Lot 125
  • 125

SALVADOR DALÍ | Composition à la jambe

120,000 - 180,000 GBP
bidding is closed


  • Salvador Dalí
  • Composition à la jambe
  • signed with the artist's monogram (lower left)
  • watercolour, pen and ink, gouache and collage on card laid down on board
  • 32 by 24.5cm., 12 5/8 by 9 5/8 in.
  • Executed circa 1944.


Henry Bryan, New York (acquired directly from the artist)
Private Collection (a gift from the above; sale: Christie's, New York, 13th May 1992, lot 306)
Guy Pieters Gallery, Knokke-le-Zoute
Private Collection, Belgium (acquired from the above in the late 1990s; sale: Sotheby's, London, 23th June 2011, lot 174)
Purchased at the above sale by the present owner


Robert Descharnes & Gilles Néret, Salvador Dalí, The Paintings 1904-1946, Germany, 1993, vol. I, no. 850, illustrated in colour p. 376 (without measurements)
Robert S. Lubar, The Salvador Dalí Museum Collection, Boston, 2000, fig. 8, illustrated p. xiv
Moste Agure & Juan José Lahuerta, Dalí: Salvador Dalí I Les Revistes, Barcelona, 2009, vol. 1, no. 2, illustrated p. 293

Catalogue Note

Executed circa 1944, Salvador Dalí's Composition à la jambe is a preparatory drawing for a Bryan's Hosiery advertisement, published in the March 1945 issue of Vogue, and later acquired directly from the artist by the president of Bryan's Hosiery: Henry Bryan. It belongs to a collection of some 15 collages, which the artist produced for Bryan's Hosiery between 1945 and 1947. Having previously worked for magazines such as Town and Country, Harper’s Bazaar, as well as Vogue, the 1940s was a prolific time for the artist as Dalí worked with the titans of the fashion industry to influence American mass culture through his designs of fabrics for Wesley Simpson (1944), ties for McCurrach (1944), and later the ‘Roi Soleil’ perfume (1946) commemorating the liberation of France.

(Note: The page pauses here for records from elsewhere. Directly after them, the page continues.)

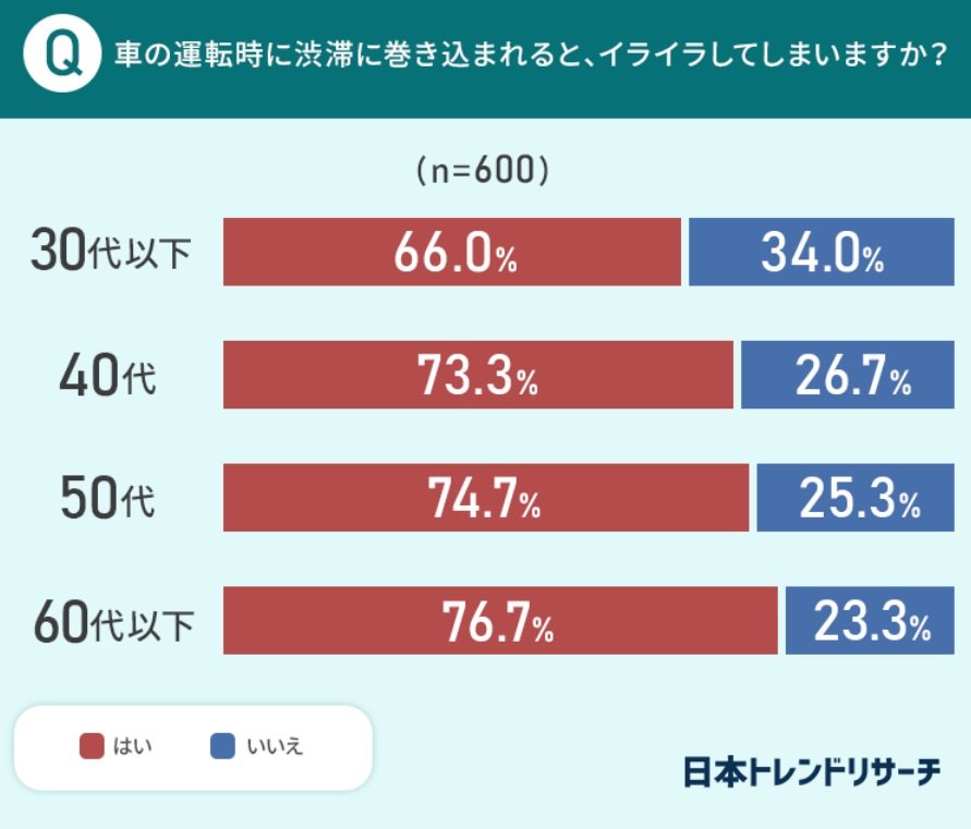 一方「いいえ」と答えたのは30代以下の34%が最も多く、年代が上がるほど渋滞時にイライラする人が多い傾向が見られた。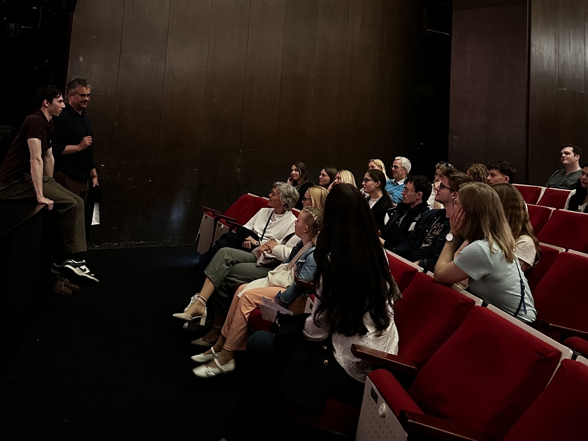 Am vergangenen Freitag, 16.09.2025, machten sich rund 50 SchülerInnen und acht LehrerInnen auf den Weg zum Theater Dortmund. Zunächst nahmen wir an einer exklusiven Backstage-Führung teil und sahen unter anderem den Mal- und Ballettsaal. Wir durften sogar einen Blick hinter die Bühne kurz vor Vorstellungsbeginn werfen. Während der Führung haben wir auch Luke, einen Tänzer des NRW Juniorballetts, schon etwas näher kennenlernen dürfen – er stand uns freundlich Rede und Antwort.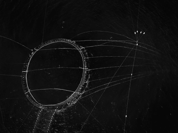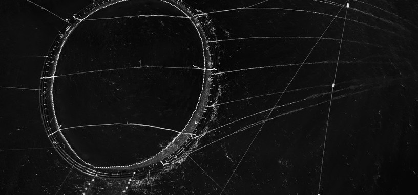 L’esposizione, visitabile fino al 30 giugno 2022, presenta una raccolta di 22 fotografie di grande formato che sembrano raffigurare delle costellazioni lontanissime, ma che in realtà sono tonnare, ossia reti da pesca inserite nel grande mare Mediterraneo fotografate da un drone: reti che itonnarotti – coloro che si occupano della mattanza –installano per catturare i tonni nella loro migrazione verso la costa.

As such, executed at a time when surrealism had passed from a radical and revolutionary movement into a final state of modishness, Composition à la jambe subverts cultural and aesthetic hierarchies by blurring the boundaries between high and applied art, producing a cacophony of organic forms in a Dalinian bouillabaisse of symbolism. Writing about the present work, Felix Fanès remarks that the luscious legs are 'set against a baroque background of drawn and watercolour arabesques, curves, soft shapes and undulations resembling organic forms. Such shapes matched the evolution of Dalí's painting at the time, an evolution based on a certain iconographic exuberance and a notable organicism in the form, which [Dalí] termed, and not without a touch of humour, a ‘return to the classic canon’ (Félix Fanés, Dalí, Mass Culture (exhibition catalogue), CaixaForum, Barcelona, 2004-05, p. 142)

Amidst the artist’s foray into the sphere of commercial art, Dalí skilfully flaunts his authentic brand of inauthenticity before a consumerist society hungry for metaphysical symbolism, whilst refusing to succumb to its recuperative mechanisms. He consequently holds a distorting mirror to the aesthetic and political ideals of his generation, parodying his own aesthetic pronouncements to invent a paranoiac-critical composition that manipulates symbols of popular and mass culture into Dalinian representations that force what André Breton calls a “fundamental crisis of the object”. Consequently, Dalí expands the materiality of popular culture as an extension of our subjective self, thereby deconstructing the psychological notion of identity. His advertisements thus float in a space beyond the laws of economic gravity, presenting objects with some degree of mechanical function, whilst also revealing the repressed social conventions and desires in the way that dreams do.

Composition à la jambe thus typifies the artist’s desire to transform mass-cultural materials through his art, awakening the subconscious of the public through accessible commercial illustrations coated with Dalinian radicalism that exemplifies the artist’s ingenuity and technical brilliance in the face of the cultural establishment.